Functions begin with the `function` keyword, then a name, and then
the body of the function, in curled braces. The `local` keywords
defines a variable in the function's scope. If not used, the variable
will be defined in the global scope, and hence visible outside of
the function. Positional parameters are redefined for the function's
scope.

Once defined, the function behaves like any other command:

    my_func "hello"

You can define particularly useful functions in your ~/.bashrc,
which will be executed (using .) whenever you start a new shell.


Aliases
-------

Common one-liners are often nice to put into simple aliases, which
are defined like:

    alias ls='ls -FC'

Here are some aliases I find useful:

    alias ls='ls -FC'
    alias la='ls -A'
    alias ll='ls -l'
    alias ltr='ls -ltr'
    alias lsd='ls -lsd'

These are defined in my ~/.bashrc. There's also a file called either
~/.bash_profile or ~/.profile, which is only run for a login shell
(that is, only once when you first log in). When you modify one of
these files, make sure you re-dot them

    . ~/.bashrc
    . ~/.bash_profile
    . ~/.profile


Scripting
---------

Some principles I live by:

 1. If I'm going to do something more than once, I script it.
 2. If I do something once, there's a good chance I'm going to have
    to do it again.

Most shells, bash included, treat executable text files specially.
Given no other information, they run them as scripts for the current
shell. *Do not assume that file extensions mean anything.* At the
very least, bash does not care about the name of your file, it only
cares about the content. Naming a file `foo.py` does not mean bash
will treat it as a python file, for instance.
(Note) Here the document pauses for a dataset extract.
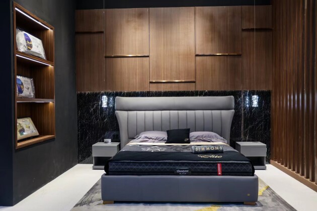 Simmons席夢思首發(fā)展出的Elite奢華系列配套床架維吉爾及愛羅伊,定位高端客群,一經(jīng)推出就吸引了眾多目光,床表層均采用了優(yōu)質(zhì)頭層牛皮,并經(jīng)由磨革機(jī)讓其表面產(chǎn)生絨感,整體的磨砂牛皮面料華貴內(nèi)斂,床架線條利落,造型雅致時(shí)尚,讓臥室空間耳目一新。
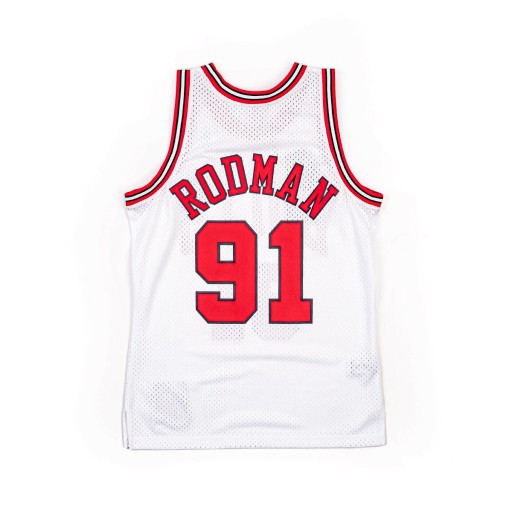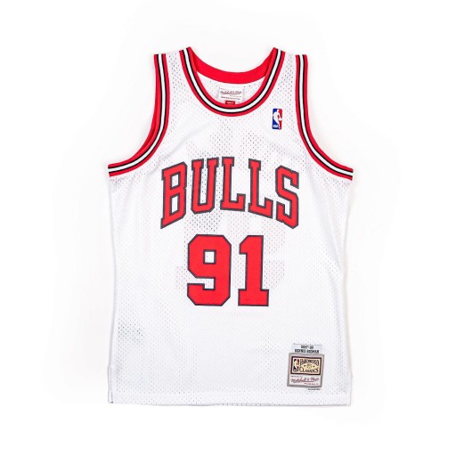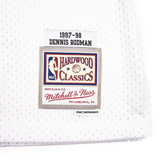 Swingman Jersey Mitchell & Ness. Koszulka odwzorowuje oryginalne stroje drużyny Chicago Bulls Sezonu 1997-98. Z tyłu nazwisko gracza- Dennis Rodman oraz numer zawodnika.

To run the script correctly, there's an easy way and a hard way.
The hard way is to call the appropriate interpreter explicitly:

    bash my_shell_script.sh
    python my_python_script.py

The easy way is to use a convention called *shebang* (short for
"hash-bang"). The shell will look at the first line of an executable
ASCII file. If that line begins with a shebang, the arguments to
that provide the program with which to run the script:

    #! /bin/bash

You can even provide options:

    #! /bin/bash -x

For python, there's a better way to call it:

    #! /usr/bin/env python

What does this do? We're not actually invoking python directly.
Instead, we invoke env, which passes the parent environment. In
particular, this means it's also using the parent shell's $PATH
variable to determine how to find python. This has a couple of
advantages:

 * The location of python may vary from installation to installation,
   but env's location is always predictable.
 * If you use python virtual environments, this will pick up your
   virtualenv python.

As a final note, make sure your scripts are executable! See "chmod"
in the filesystems quick-ref for details, but 99 times out of 100,
you will want to run `chmod a+x` on your script. git keeps track
of file permissions in addition to the contents.